By allowing clinicians to decide whether the tool gets used at the beginning or end of a patient visit or whether the test is given by a medical assistant or the clinician themselves, the agile implementation approach has helped bolster clinician acceptance and buy-in without disrupting clinical workflows, he indicated.
“One thing we always say is when you've seen one health system, you've seen one health system,” Ferrell stated, noting that IU is implementing the pilot within six of its clinical settings, and each has found a slightly different workflow most effective.
“I think that's super important for us as we think about solutions,” she continued. “How do you give people the parts of the solution that are mandatory, that have to be fulfilled? And then where do you allow for local adaptation so that different systems, different settings can customize what works for them?”
Thus, program leaders are not the only ones responsible for adapting as the pilot progresses. Rather, the clinicians at each implementation site have had a role in shaping the program since the pilot’s launch. Instead of handing clinicians a pre-determined implementation protocol, care teams were asked to help co-design the project.
“[Agile implementation of the pilot] is a two-way street,” Brosch said. “It's not just the physicians needing to adapt. It's the physicians who are providing feedback and allowing for modification of the software, and we've found that Linus has been able to improve the reliability of their software through this real-life implementation.”
Using the software, clinicians are gaining some unexpected insights into their patients' needs and wants.

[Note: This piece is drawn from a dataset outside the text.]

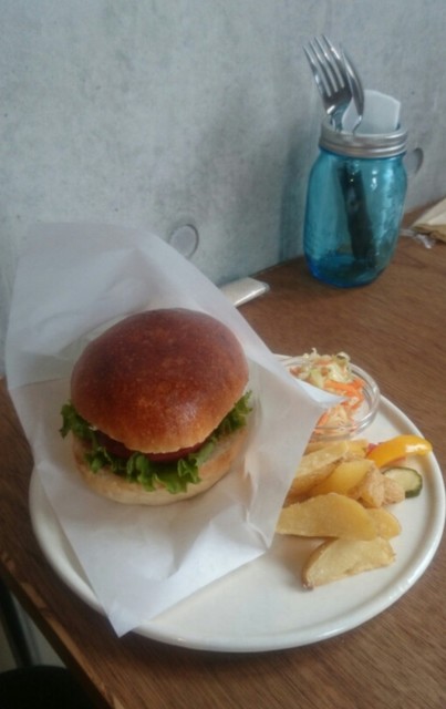 それから事前に予約した「on and on ハンバーガー 」と「バナナケーキ」に「 冷たいコーヒー」が出され いただけば そのビシュアルに比べハンバーガーのボリュームが凄く サイドメニューのカレーも食べようと思っていたが…バーガーだけで充分満足っ❗

Often, clinicians are surprised when patients they’ve known for some time score in the red, which Ferrell stated speaks to the sensitivity of standardized digital cognitive assessments when combined with clinicians’ observations about their patients.
“We've got a couple of sites that are in very affluent areas, one of which where we only see people age 65 and up,” Brosch explained. “We also have some that are in very low-income, low-education areas, and it's interesting to see that if you get a yellow on the stoplight in a low-education, low-income area, it may be because that person had poor hearing, or they didn't understand the word, or they didn't understand the instructions.”
The physician can then weigh in on that result based on their knowledge of the patient, which can aid clinical decision-making about how to proceed with different patients, he added.
Another finding that the project has highlighted is that some patients are not as resistant to conversations and screenings around cognitive impairment as clinicians expected them to be, which Ferrell pointed out may indicate that patients value knowing information about their brain health if they feel there is something they can do to address it.
As the pilot continues, Brosch and Ferrell hope that these insights, alongside feedback from clinicians, can make digital tools faster and more efficient and help significantly tackle the burden of AD/ADRD.
“We're really excited to be a part of this project because if you look at the research community when it comes to Alzheimer's and dementia, it's all about detecting early, treating early, and those are really, really the absolute keys in all of this,” Brosch said. “If we can help develop tools, and even if a pilot is a failure, which I don't think it will be, but even if it is, we are learning something about early detection and how to modify our healthcare system to be even better.”